::: DATA RECORDS

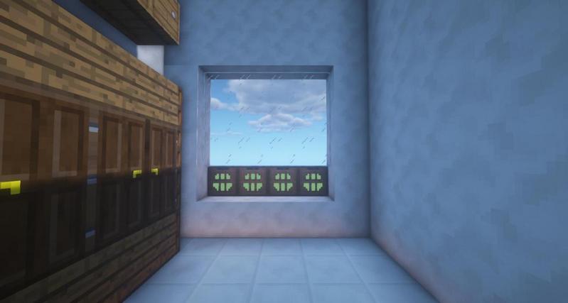 做一个4*4的大窗户。下面用从林木活板门做装饰。
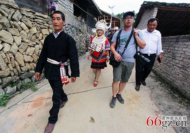 桃树榜组长张权(左)带领我们参观全寨 摄影:龙胜海
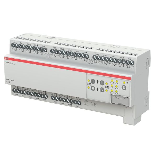 Den kompakte kombikører har 8, 16 eller 24 uafhængige udgange (ikke elektromekanisk sammenkoblet). Udgangene kan bruges individuelt via ABB i-bus KNX til at skifte elektriske belastninger eller parvis til styring af 230 V AC-skodder eller markiser. Enheden har en manuel kontrol, som også kan deaktiveres. Via manuel betjening kan udgangene betjenes manuelt, og gearskifte eller drevstatus vises. Enheden drives af busspænding og kræver ikke en ekstra strømforsyning.
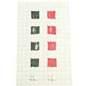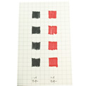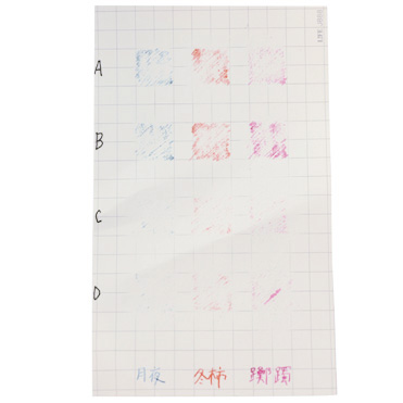 各種ボールペンで約1cm四方のマスを塗りつぶし、その書いた筆跡を消していきます。
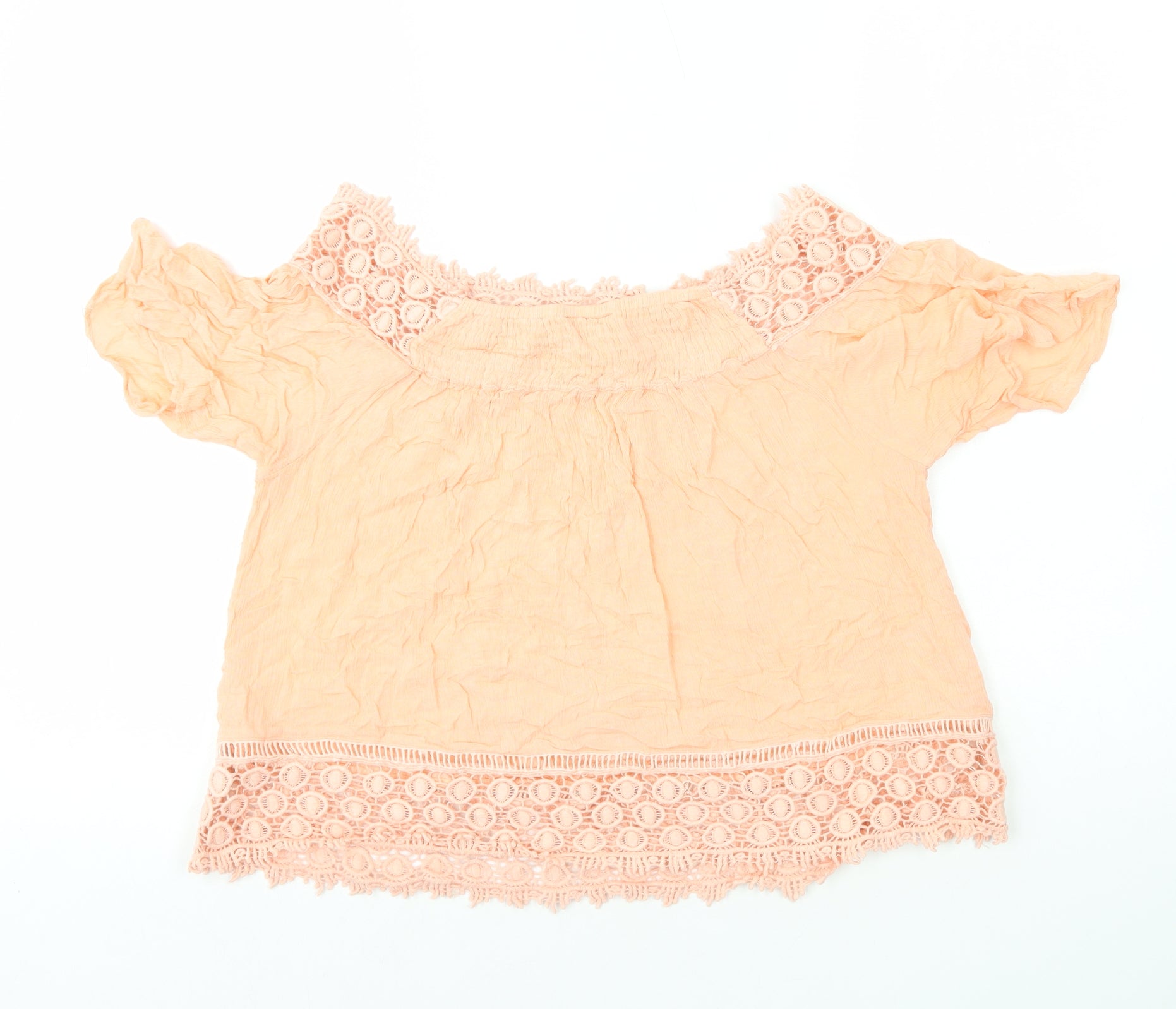 Miss Selfridge Womens Orange Polyester Basic T-Shirt Size 12 Off the Shoulder - Crochet Detail on Sleeve and Hem
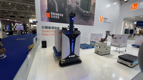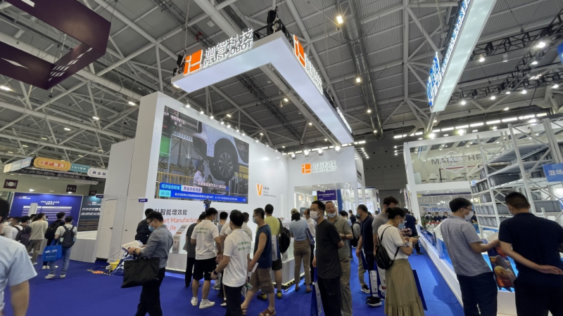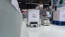 展會現場,所有的AMR機器人都由同一套調度管理系統CLOUDIA的指揮,在有限的展臺空間內同場運行,相互協調,協同作業,實現狹窄空間內的異構機器人集群混場調度應用。
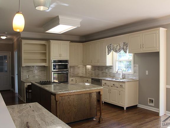 Stunning 4 sided brick ranch in Watkinsville on over 2 acres! 5 BR and 2.5 BR with a gorgeous open floor plan and plenty of extras for entertaining. The irresistible kitchen in all granite has an island, plenty of cabinet and counter space, a butlers pantry, stainless steel appliances, under cabinet lighting and finished hardwood floors. The kitchen is open to the breakfast room, formal dining room and the great room. All the main living areas have finished hardwood flooring. The great room features a masonry fireplace with judges paneling, finished hardwood floors and double doors that open onto the large private deck and hot tub for entertaining. There are french doors leading to the office area that could be used for formal seating area off the dining room. 4 bedrooms are on the main level and the owners suite wing features a cedar lined closet, barn door, double doors that open to the large deck with seating. The owners suite spa-like bath has a tiled shower and glass enclosure, a lavish soaking tub and his and hers sinks. There is a 5th bedroom upstairs that could be used for a bonus room also. There are mature pecan trees, paved walk ways, an over sized 2 car garage, a storage building, and garden areas. This home is in a wonderful location that is very close to the new Presbyterian Village, shopping, Athens Academy and downtown Watkinsville.
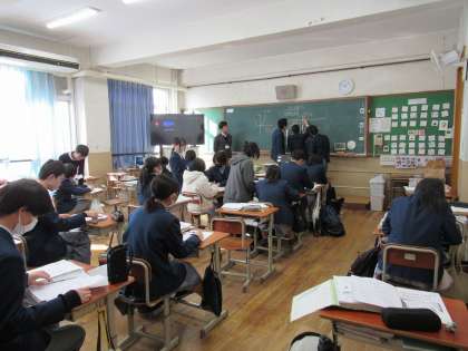 3年4組の数学科の授業では、「三平方の定理」を使って図形問題を解き、また、冬休み明けテストの返却と解説を受けました。
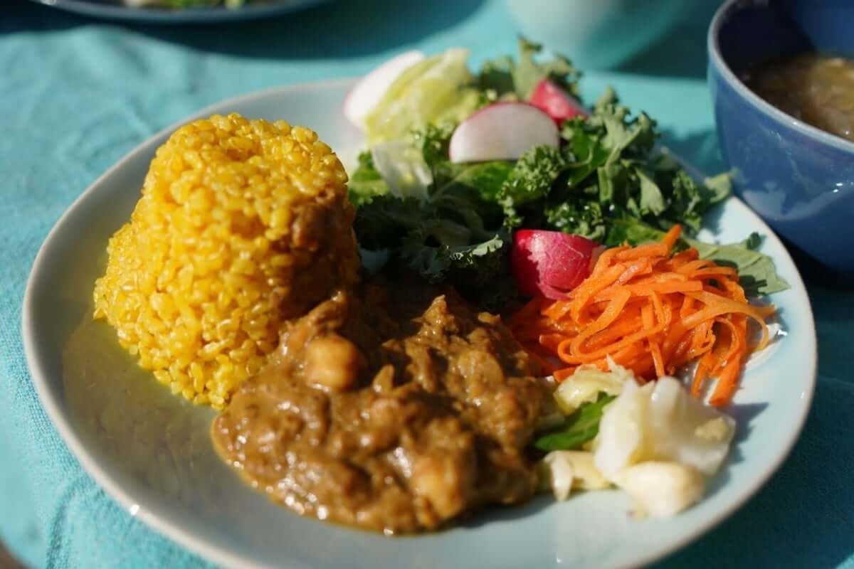 坂尾さんが生産・販売する人気ブランド商品「アフロきゃべつ餃子」作り体験と、「808+DELI 」のシェフに作っていただくベジタブルカレーのランチがセットになったプランです。(※メニュー内容は変わる場合があります)

::::::

ASSIGNMENT » What is the exact wording of the lines from the one bearing "3年4組の数学科の授業では、" through the final line of the records above? Write it out without the pictures.

PROBLEM SOLUTION »
 3年4組の数学科の授業では、「三平方の定理」を使って図形問題を解き、また、冬休み明けテストの返却と解説を受けました。
 坂尾さんが生産・販売する人気ブランド商品「アフロきゃべつ餃子」作り体験と、「808+DELI 」のシェフに作っていただくベジタブルカレーのランチがセットになったプランです。(※メニュー内容は変わる場合があります)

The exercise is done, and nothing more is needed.